▶ **Listed records**
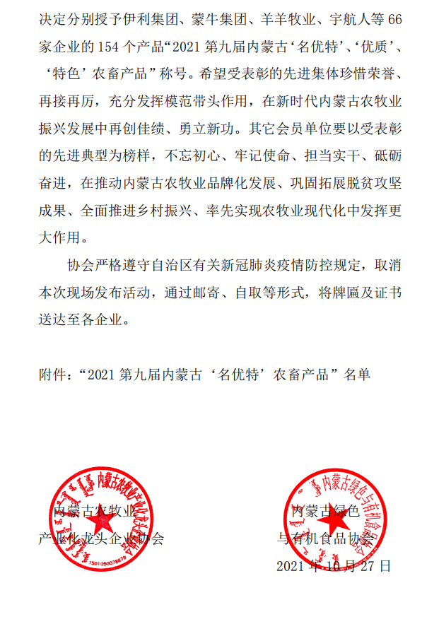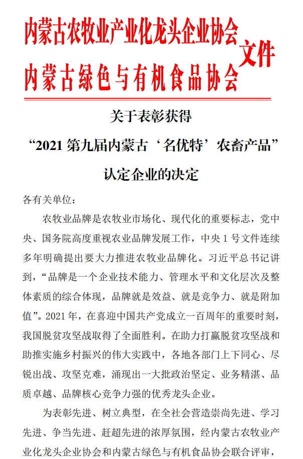 關(guān)于表彰獲得 “2021第九屆內(nèi)蒙古‘名優(yōu)特’農(nóng)畜產(chǎn)品”認(rèn)定企業(yè)的決定
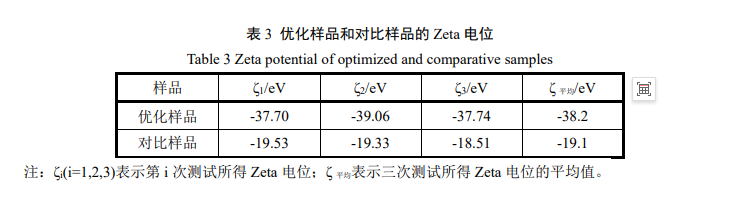 Para revelar el motivo de la mayor estabilidad de la muestra optimizada basada en el hiperdispersante, se midieron los potenciales Zeta de la muestra optimizada y la muestra de control, y los resultados se muestran en la Tabla 3. La Tabla 3 muestra que el potencial Zeta de la muestra optimizada es -38,2 eV, que es casi el doble que el de la muestra de control. Este resultado refleja que el sistema hiperdispersante con numerosos grupos aniónicos puede proporcionar eficazmente fuerzas repulsivas entre las micelas del agente blanqueador, reduciendo así la probabilidad de agregación y sedimentación de las moléculas del agente blanqueador y haciendo que el sistema de dispersión sea más estable.
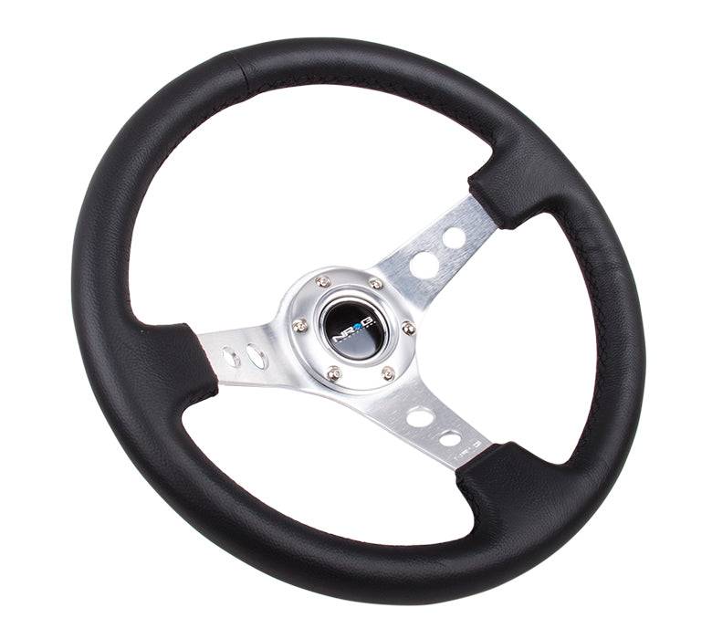 NRG Innovations 350mm Steering Wheel (3" Deep) - Silver Spoke w/ Black Leather RST-006SL
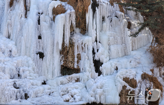 아침기온이 영하10도 밑으로 떨어진 6일 서울 서대문구 홍제천 인공폭포가 얼어붙어 있다. 2026.2.6 / 뉴스1 이호윤 기자토요일인 7일은 전국 …
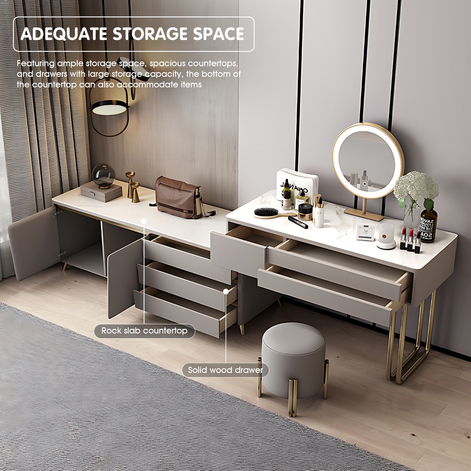 Spacious Storage Options: Designed with multiple drawers and compartments, this vanity provides ample storage for makeup, skincare, and other beauty essentials, keeping everything neatly organized and easily accessible.
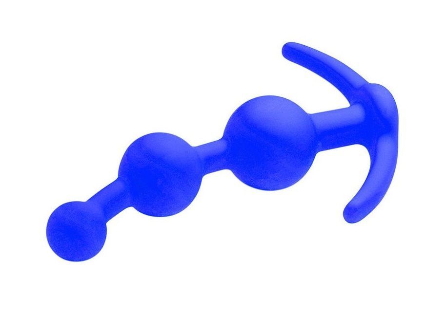 Синяя анальная цепочка из 3 звеньев - 13 см.
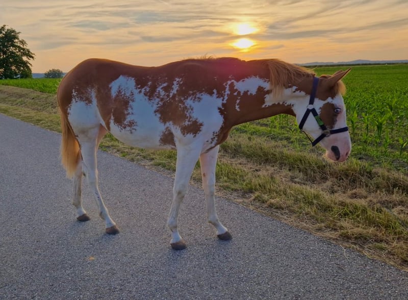 American Paint Horse Stutfohlen „Rio Rima Boon“ – traumhafte Abstammung! Aus Zeitmangel gebe ich mein wunderschönes Paint Horse Stutfohlen „Rio Rima Boon“ in beste Hände ab. Sie wurde am 07. April 2024 in Deutschland geboren und ist bei der American Paint Horse Association (APHA) registriert. Allgemeine Daten: • Name: Rio Rima Boon • Geschlecht: Stute • Geboren: 07.04.2024 • Farbe: Sorrel Overo • Eltern: • Vater: Listo Smoking Gun • Mutter: Miss Jessie Boon • Zuchtverband: American Paint Horse Association (APHA) • Besonderheit: Beide Augen blau Beschreibung: Rio Rima Boon ist ein sehr korrekt gebautes, neugieriges und aufgeweckte Stute mit toller Bewegung und ruhigem Wesen. Sie wächst artgerecht im Herdenverband auf, kennt Halfter, Putzen und bereits auch Bodenarbeit , das Arbeiten mit Stangen macht ihr besonders viel Spaß. Beim spazieren gehen, ist sie sehr unerschrocken und geht stets immer mutig voran. Durch ihre ausgezeichnete Abstammung eignet sie sich später auch mal für die Zucht. Rio gewann die PHCG Fohlenschau mit einer 8,05 und trägt den Vizechampiontitel des Bundeschampionats.
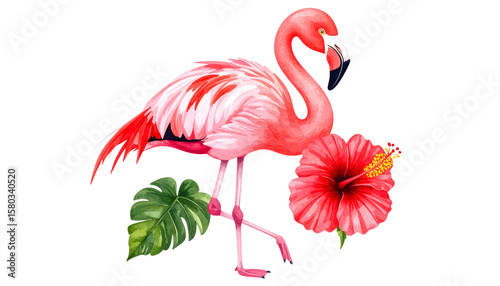 Pink flamingo isolated on white background
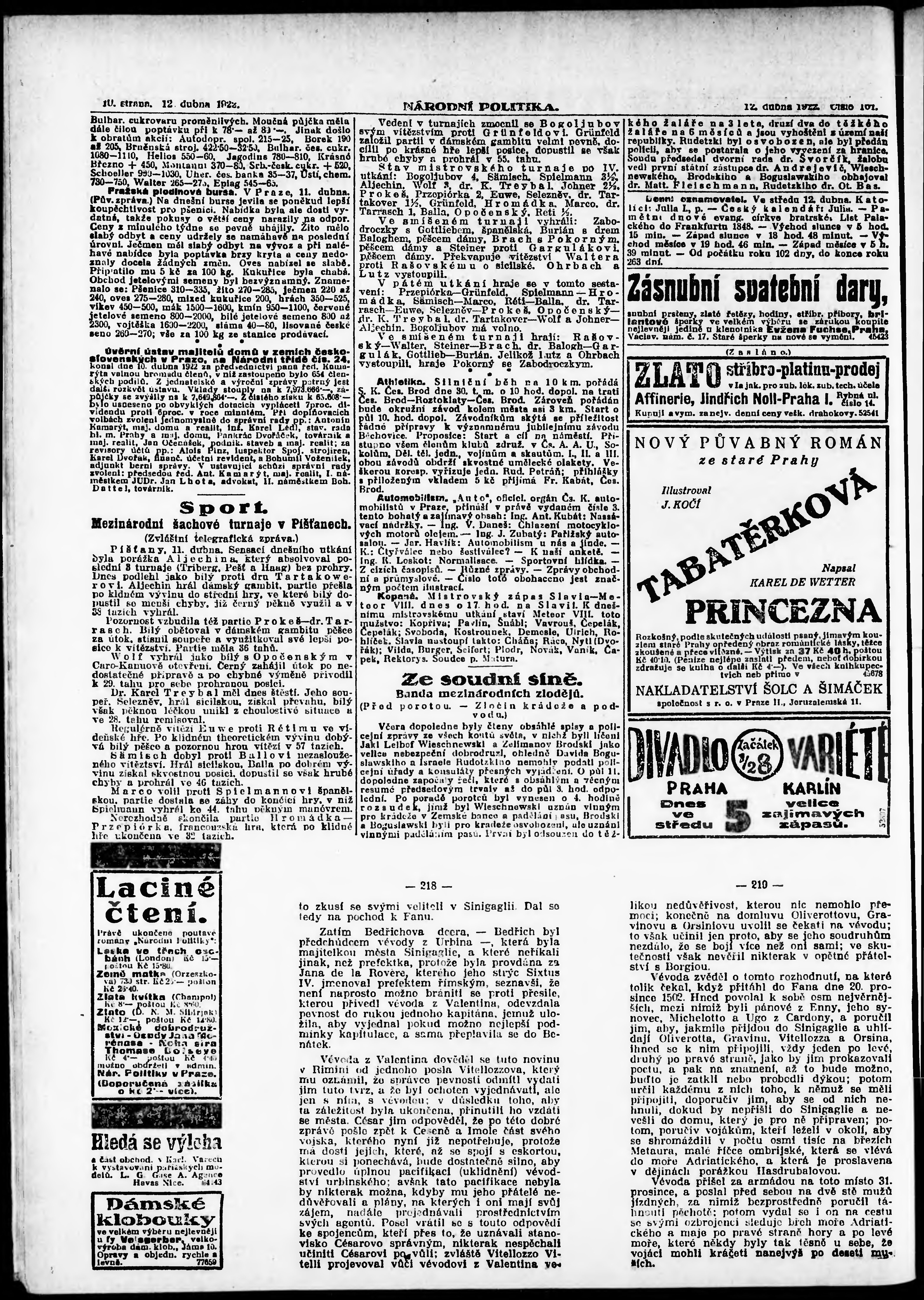 ranní vydání; vydání pro Prahu;
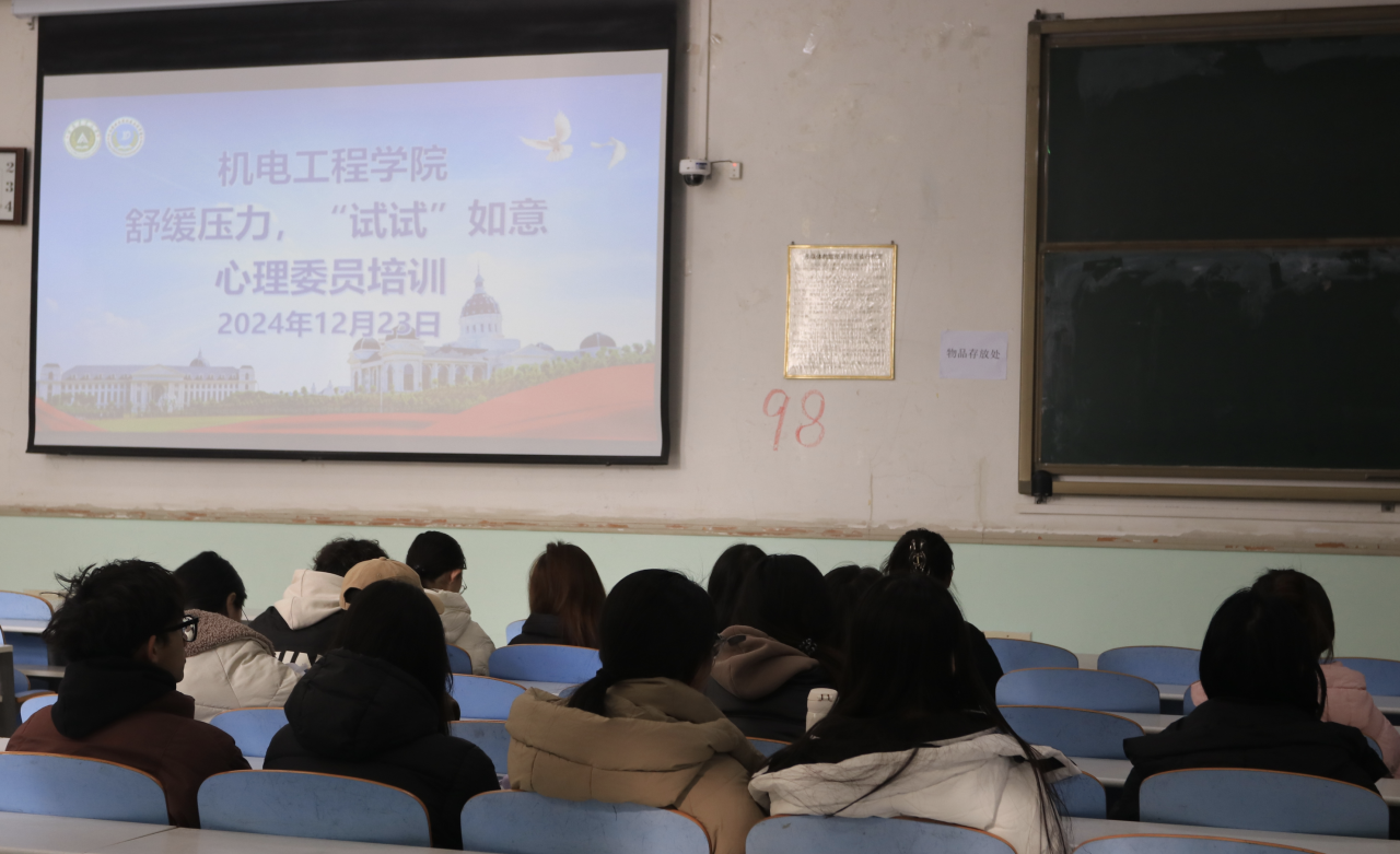 在文化路校区工程楼101教室举办“舒缓压力,‘试试’如意”心理委员培训。此次培训由年级辅导员孙改革主讲,学院各年级心理委员参加。
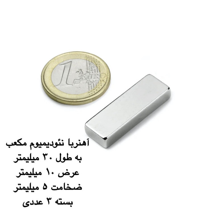 سایر توضیحات: آهنربای نئودیمیوم مکعب به طول 30 میلی متر و عرض 10 میلی متر و ضخامت 5 میلی متر بسته 3 عددی
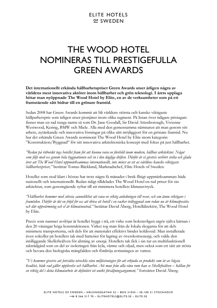 Sedan 2008 har Green Awards kommit att bli världens största och kanske viktigaste hållparhetspris som årligen utser pionjärer inom olika segment. På listan över tidigare pristagare finner man en rad tunga namn så som Dr. Jane Goodall, Sir David Attenborough, Vivienne Westwood, Kering, BMW och Miele. Alla med den gemensamma nämnaren att man genom sitt arbete, nytänkande och innovativa lösningar på olika sätt möjliggjort för en grönare framtid. Nu har det erkända Green Awards nominerat The Wood Hotel by Elite inom kategorin ”Konstruktion/Byggnad” för sitt innovativa arkitektoniska koncept med fokus på just hållbarhet.
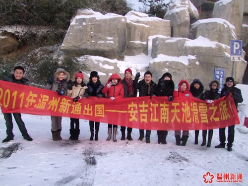 南方的天气总是鲜少见到雪,尤其在温州,这个进入隆冬时节,当人们把最厚的衣服裹在身上的时候,其实也在心里把刻画出了对于冬日的憧憬。在这个冰雪的季节,没人能抵制难戒的白色诱惑,终于,在总经理FIONA的推动下,温州新通的安吉滑雪之旅在期盼中热烈启程。
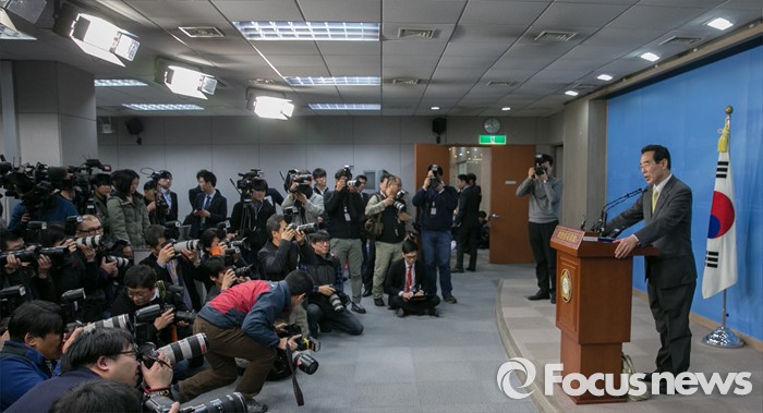 (서울=포커스뉴스) 홍창선 더불어민주당 공천관리위원장이 9일 오전 서울 여의도 국회 정론관에서 20대 총선 1차 경선지역과 관련 브리핑을 하고 있다. 홍 위원장은 이날 브리핑 중 취재관행을 바꾸기 위한 언론인과 대화를 하던 중 일부 항의를 받았다.

▶ **Work request**
Exactly reproduce the run of lines from the start of the listing through the line with "Синяя анальная цепочка из 3 звеньев - 13 см.", inclusive; pictures are not copied.

▶ **Task output**
 關(guān)于表彰獲得 “2021第九屆內(nèi)蒙古‘名優(yōu)特’農(nóng)畜產(chǎn)品”認(rèn)定企業(yè)的決定
 Para revelar el motivo de la mayor estabilidad de la muestra optimizada basada en el hiperdispersante, se midieron los potenciales Zeta de la muestra optimizada y la muestra de control, y los resultados se muestran en la Tabla 3. La Tabla 3 muestra que el potencial Zeta de la muestra optimizada es -38,2 eV, que es casi el doble que el de la muestra de control. Este resultado refleja que el sistema hiperdispersante con numerosos grupos aniónicos puede proporcionar eficazmente fuerzas repulsivas entre las micelas del agente blanqueador, reduciendo así la probabilidad de agregación y sedimentación de las moléculas del agente blanqueador y haciendo que el sistema de dispersión sea más estable.
 NRG Innovations 350mm Steering Wheel (3" Deep) - Silver Spoke w/ Black Leather RST-006SL
 아침기온이 영하10도 밑으로 떨어진 6일 서울 서대문구 홍제천 인공폭포가 얼어붙어 있다. 2026.2.6 / 뉴스1 이호윤 기자토요일인 7일은 전국 …
 Spacious Storage Options: Designed with multiple drawers and compartments, this vanity provides ample storage for makeup, skincare, and other beauty essentials, keeping everything neatly organized and easily accessible.
 Синяя анальная цепочка из 3 звеньев - 13 см.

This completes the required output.